I expect to see even more on that line with our latest 6.6 release which includes Seamless Scaling of Web application - check that out!

July 21, 2008

GigaSpaces is Available on Apache Camel

Apache Camel is a Spring based integration framework.
I was happy to see that David Greco released a JavaSpace connector for Camel based on GigaSpaces.

Quoting from David description of the connector:

"The javaspace: component is a transport for working with any JavaSpace compliant implementation, this component has been tested with both the Blitz implementation and the GigaSpace implementation .
This component can be used for sending and receiving any object inheriting from the Jini Entry class, it's also possible to pass an id (Spring Bean) of a template that can be used for reading/taking the entries from the space.
This component can be also used for sending/receiving any serializable object acting as a sort of generic transport. The JavaSpace component contains a special optimization for dealing with the BeanExchange. It can be used, then, for invoking remotely a POJO using as a transport a JavaSpace.
This latter feature can be used for an easy implementation of the master/worker pattern where a POJO provides the business logic for the worker.
Look at the test cases for seeing the various usage option for this component."
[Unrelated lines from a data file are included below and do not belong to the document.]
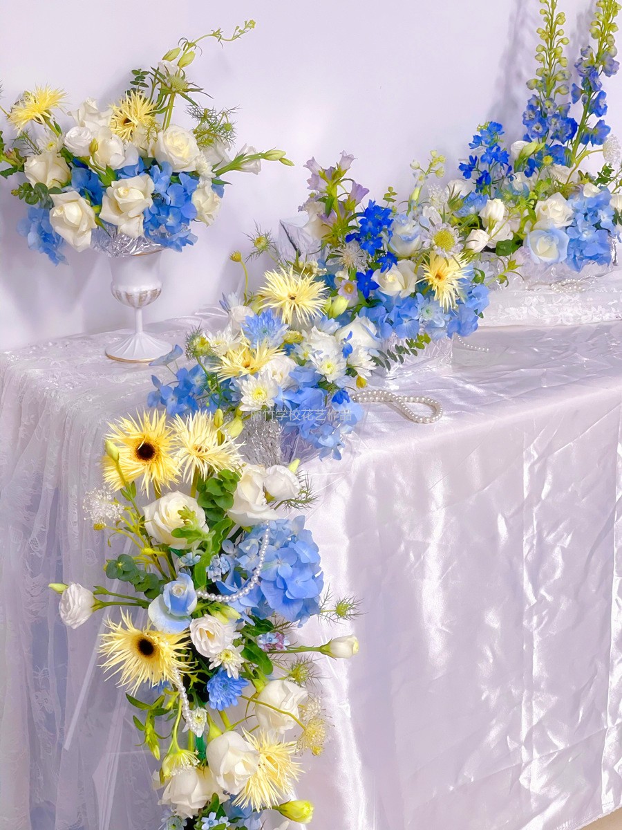 花藝插花專業(yè)教程---但如果采用的是西式長條桌,那么這種類型的桌花設(shè)計就更特別一些。一般會將話說串聯(lián)起來后,在桌面中間長長地鋪陳開來,并在桌子的兩頭會特意設(shè)計成瀑布桌花鏈接地面,營造浪味唯美的氛圍!
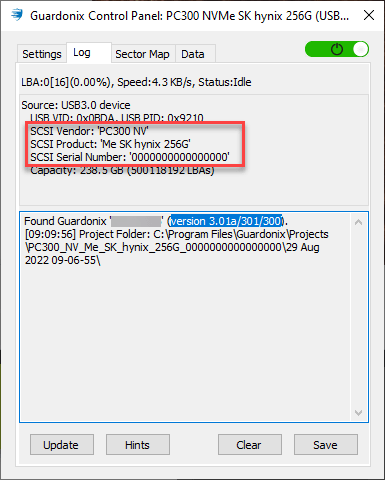 A demonstration: The Guardonix Professional reported zeros for the serial number of a Plugable USB to NVMe enclosure with an RTL9210 chip.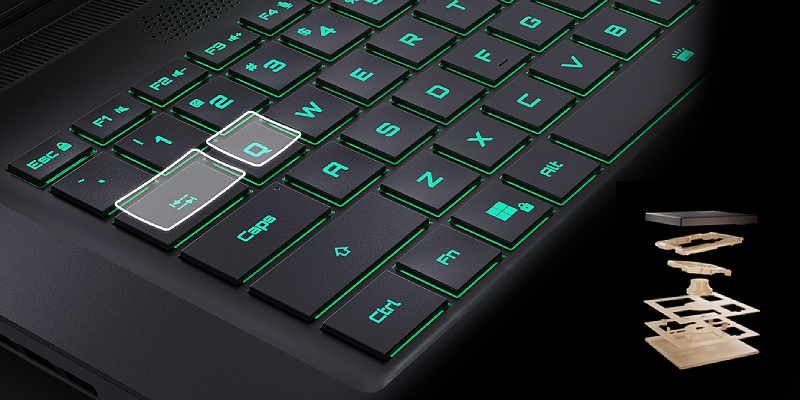 ה־AERO X16 כולל מקלדת Golden Curve עם כפתורים גדולים ועקומת לחיצה אופטימלית שמספקת חווית הקלדה שקטה ונוחה למשחק ולעבודה.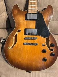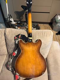 Vendo chitarra semiacustica stile Gibson ES-335, colore sunburst vintage, con corpo in acero e finitura lucida.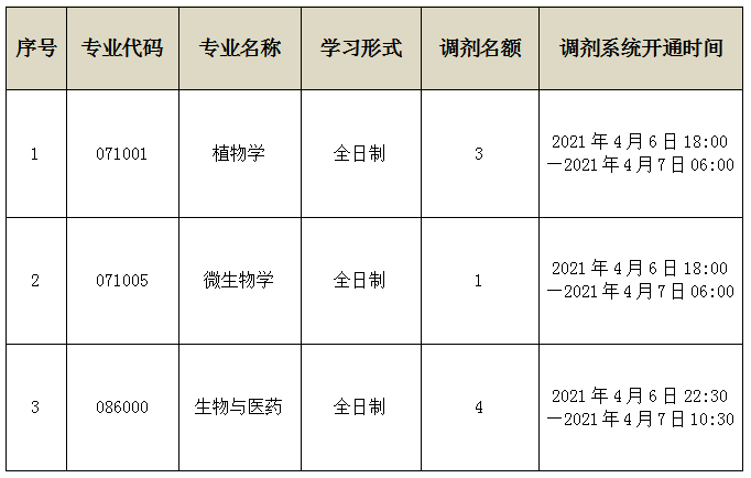 根据目前招录情况,a小说 植物学、微生物学、生物与医药专业调剂系统开通安排如下,请符合条件的考生积极报名。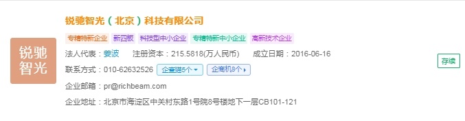 锐驰智光(北京)科技有限公司(简称:锐驰智光)成立于2016年,注册资金为215.5818(万人民币),位于北京市,是一家致力于激光传感器制造和解决方案的高新技术企业。锐驰智光以强大的持续创新能力为驱动,研发精确、高效、智能的激光传感器技术,为人工智能的广泛应用提供良好的感知能力和数据支持。公司在自动驾驶及智能交通领域有着重要的应用,特别是在自动驾驶汽车的环境感知方面,锐驰智光提出了芯片化激光雷达的方案,并开发了世界首款激光雷达集成芯片,为自动驾驶汽车提供先进的感知技术。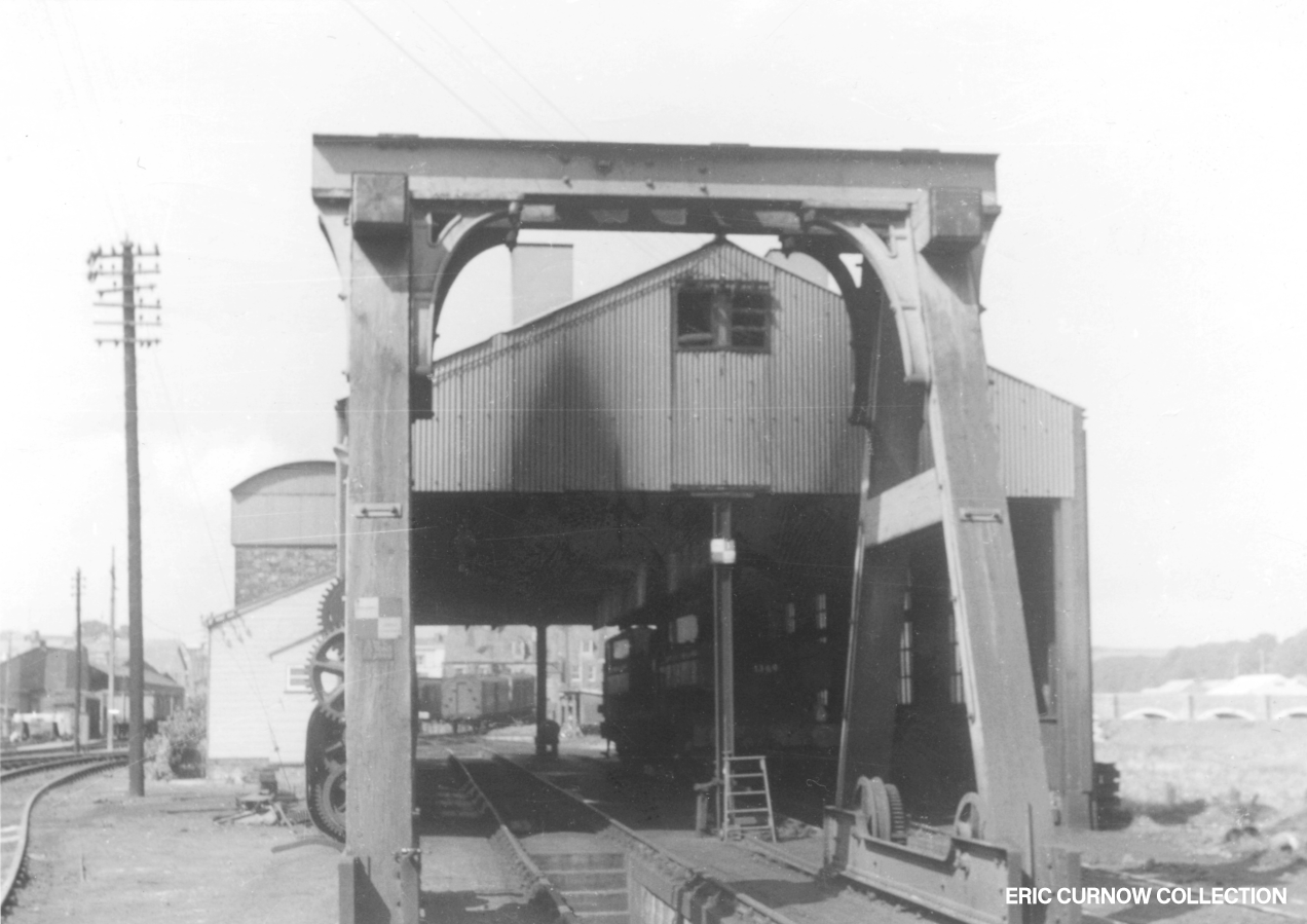 Resident 1369 0-6-0 Great Western tank engine and a classmate are sheltered inside Wadebridge shed in 1964. There is a hoist and maintenance pit before it, and goods shed and water tower behind – the arches of the bridge are to the right. Vans can also be seen through the apeture of the shed, and restricted access signs on girders before it. 64###AL01-WBG-E_SHD-VI_NW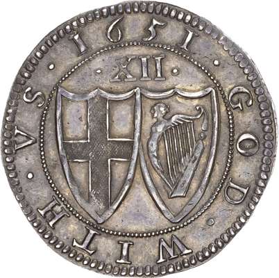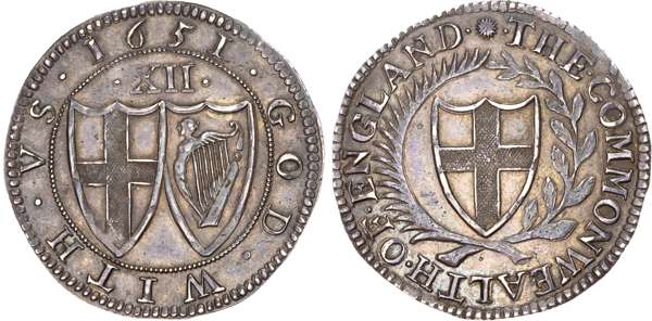 Commonwealth (1649-1660). 1651. Silver 'Fine Work' Shilling 6.08g. Tower mint, im: sun/-. Dated 1651. (sun) Coat-of-arms within wreath, · THE · COMMONWEALTH · OF · ENGLAND ·. Rev, coats-of-arms bearing St. George's Cross and Irish harp, · GOD · WITH · VS · 1651 ·, ·XII· (mark of value) above. (ESC 983; North 2724; S.3217). Choice about as struck. Proof like fields, delightfully toned. A quintessential example of the Commonwealth fine work series. Very rare, seldom seen on the open market with an illustrious and sequential provenance dating back to the mid 19th century. Very rare.

Interestingly enough I'm seeing more the use of space based transport used to drive this new type scale-out integration frameworks. Beyond the space transport i believe that Camel users can leverage the fact that they can use the space as a data-store for sharing the state between the various services without needing to go to database just for that purpose.

Nice work David!





June 16, 2008

Meet us @ TSSJS Prague

TheServerSide has a good record of picking nice spots for their conferences, and this year's Java Symposium in Prague is no exception.

It's looking to be a fun event, as I'm going to meet not just lots of old friends, but also the winners of our first OpenSpaces developer contest. I've already written about the contest and some of the submissions in a previous post. If you haven't already, check it out ,as we decided to continue with the contest next year and use  TSSJS as an opportunity for attendees to apply for "early bird scholarships" worth $1,000 each -- all this at an award ceremony we're holding in Prague during the show. Besides free booze and food at this event, we're going to show a nice video featuring the judges of the competition. Those who worked with Alit through the current competition will probably be happy to know that she is going lead this part of the show together with John Davis who was one of the Judges.
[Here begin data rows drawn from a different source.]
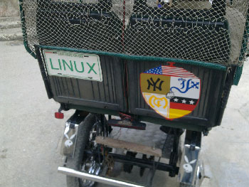 A coat of arms that speaks to us of sports, politics, technology and, why not, of an entire dimension of the owner’s perception of the world. Next to it, I saw a graphic reference to the Linux operating system and, beneath it, the Playboy bunny.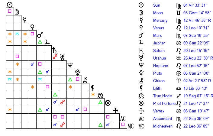 | Mercury | 12 Virgo 46 | 21 Leo 4 | 1 Capricorn 51 |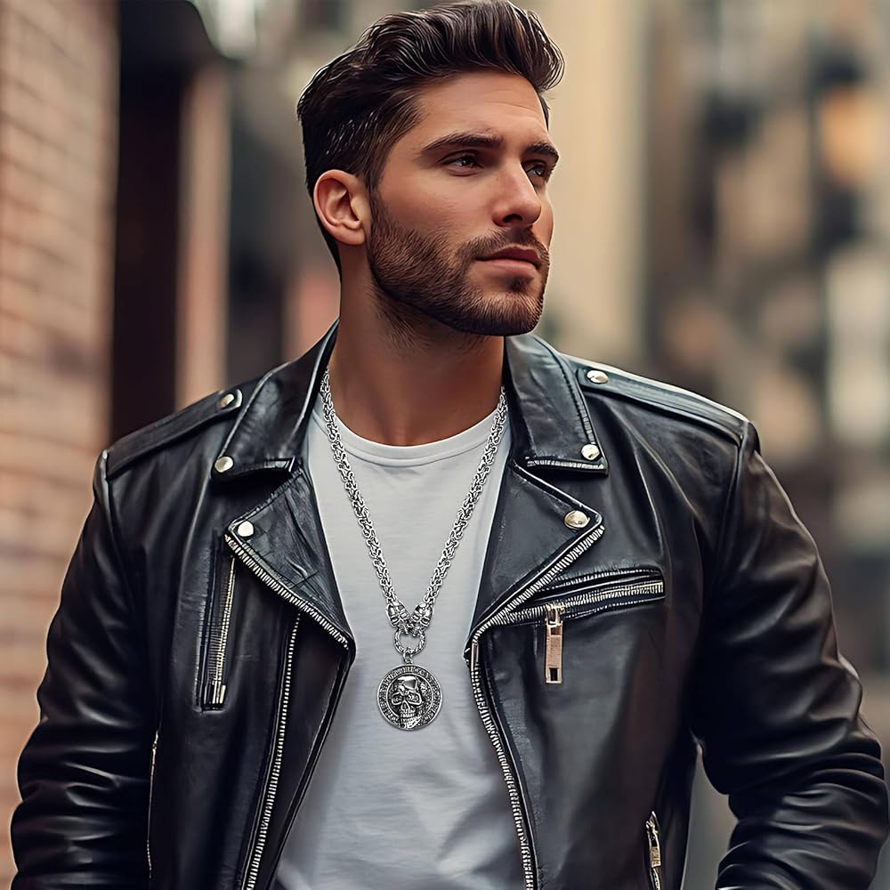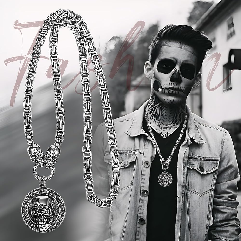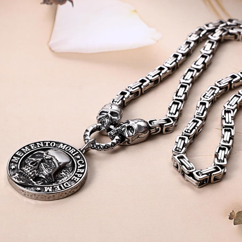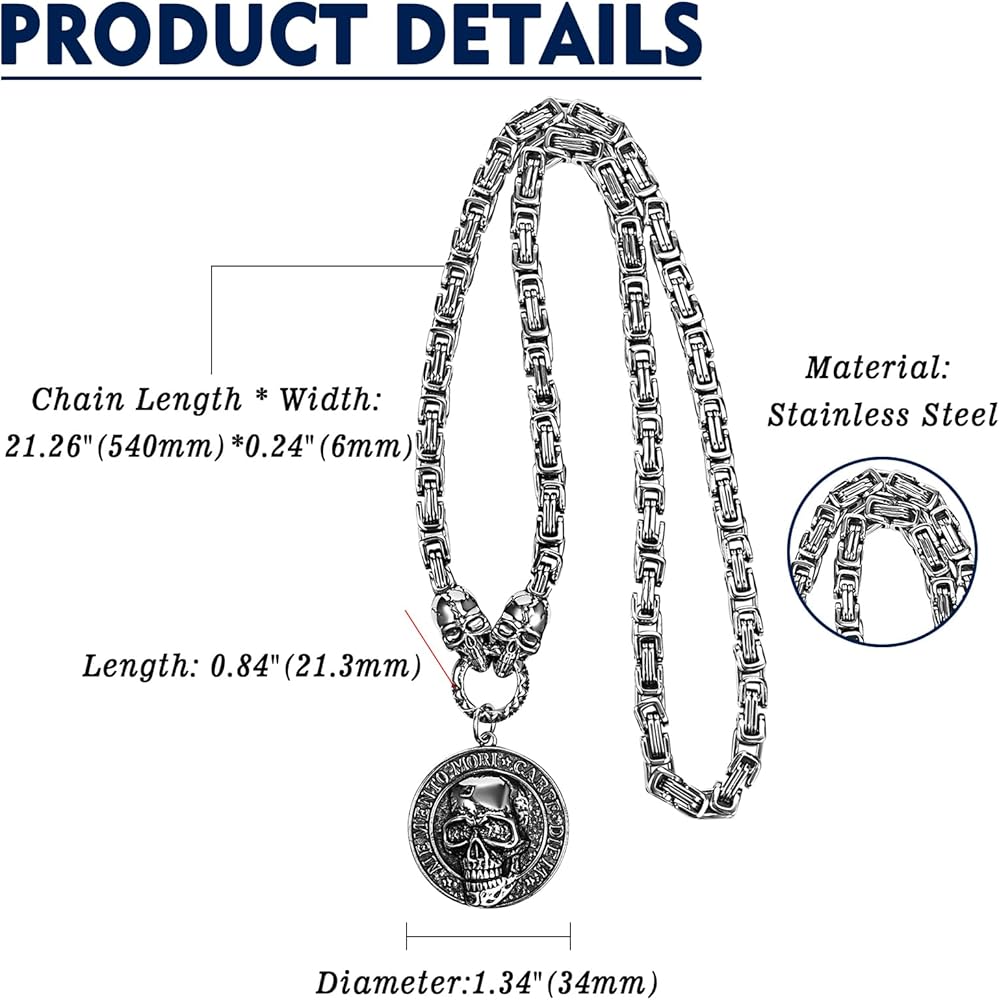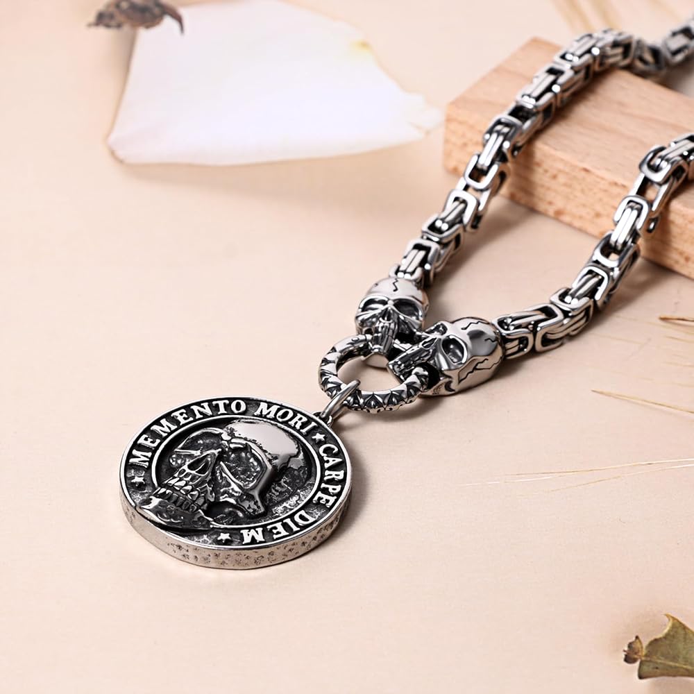 قلادة جمجمة Aroncent Memento Mori: قلادة عملة قوطية من الفولاذ المقاوم للصدأ مجوهرات للجنسين إيطالية وهندية منقوشة - سلسلة بيزنطية 21.26 بوصة قابلة للتعديل

I'm going to be there with some of my colleagues from GigaSpaces, namely Shay Banon and Uri Cohen.
My presentation is titled Getting ready for the cloud but it really talks about the next wave in distributed computing in which clouds plays an important role and have the potential of changing many of the things we used to do in the past.
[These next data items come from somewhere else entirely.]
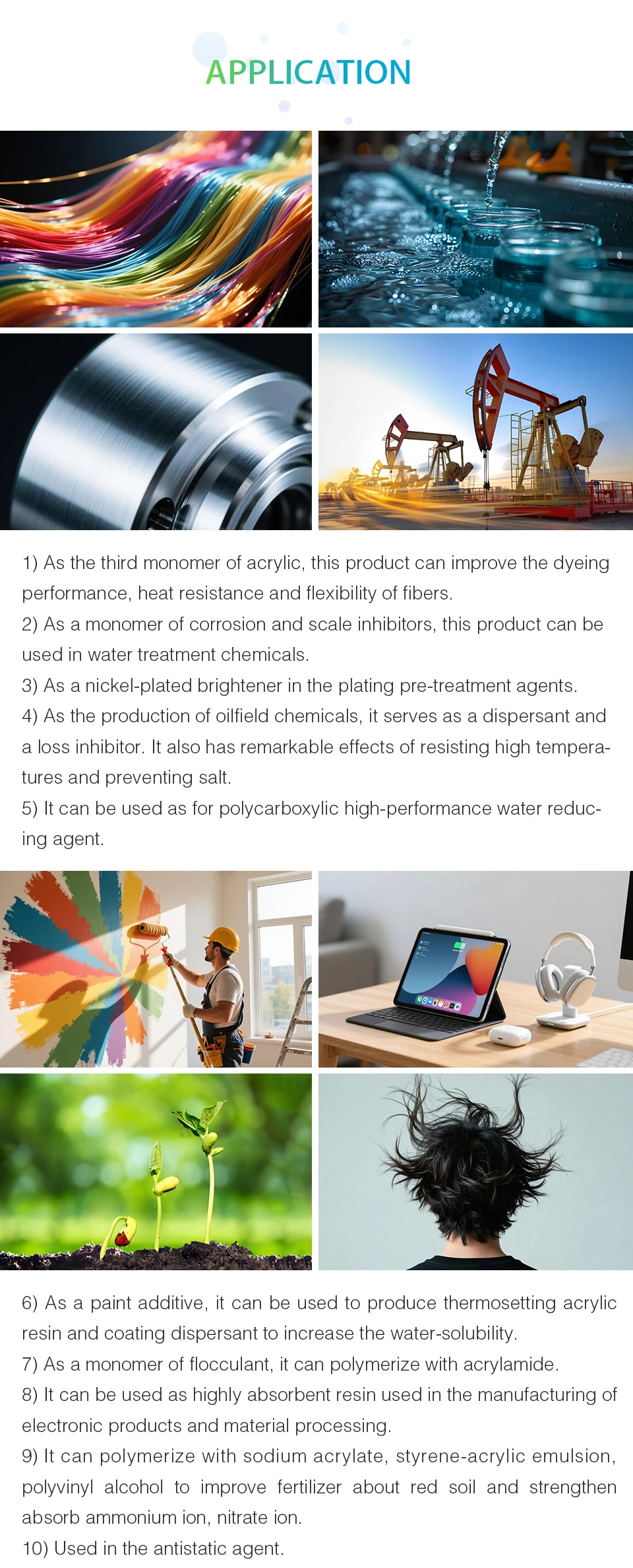 2) As a monomer of corrosion and scale inhibitors, this product can be used in water treatment chemicals.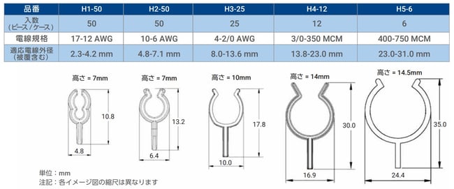 ・電線の外径に応じて5サイズをラインナップ。より詳細な仕様についてはカタ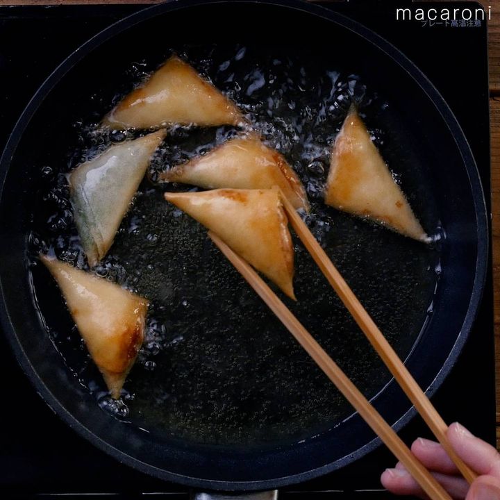 4: 170℃に熱した油で3〜4分揚げたら完成です。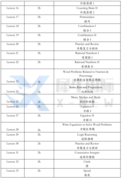 犀牛Pre-AMC8培训课程是专门为3-5年级学生设计,用“4+3+2”模式补齐小学重难点,提前接触初中知识点,帮孩子先把竞赛思维建立起来,由浅入深,循序渐进,帮助同学们一步步冲刺AMC8竞赛高分成绩。

Banon will be talking about some of the work that he's been doing with Mule, Lucerne/Compass and Spring in his session Beyond Data Grids. I've seen him discussing some of these topics in Las Vegas this year, so I know it's going to be really interesting. Last time it sparked many questions about how clustering technologies can deal with scaling challenges, how in-memory data grids can replace or co-exist with traditional databases, and how they can be applied to different frameworks given real life examples.

Uri is going to talk about his experience in building scalable web 2.0 applications using Ajax, Tomcat and Spring MVC, and running on the Amazon EC2 cloud. He will discuss specific patterns for dealing with Ajax scaling issues, and also provide patterns and tips for moving from a tier-based to a scale-out model based on recent work he's done with JBoss and, of course, GigaSpaces.

The TSS event is also going to be a good opportunity for us to expose some of our latest development in our upcoming 6.5 release,such as the new Service Virtualization Framework (based on Spring Remoting), Dynamic language support, extended support for hibernate and enhanced database integration, built-in Maven support, support for Spring 2.5 annotations and enhanced administrative and real-time monitoring.

Mule users will also benefit from our extensive support for the Mule ESB. We're also going to show some of the latest developments with EC2 and cloud computing environments. Even though TSS events tends to be Java-centric, I believe that Java users will be happy to learn about our interoperability among Java, C++ and .Net. For those unfamiliar with it, I would recommend giving it a closer look as it provides high performance and an extremely simple alternative for making the language barrier pretty much obsolete.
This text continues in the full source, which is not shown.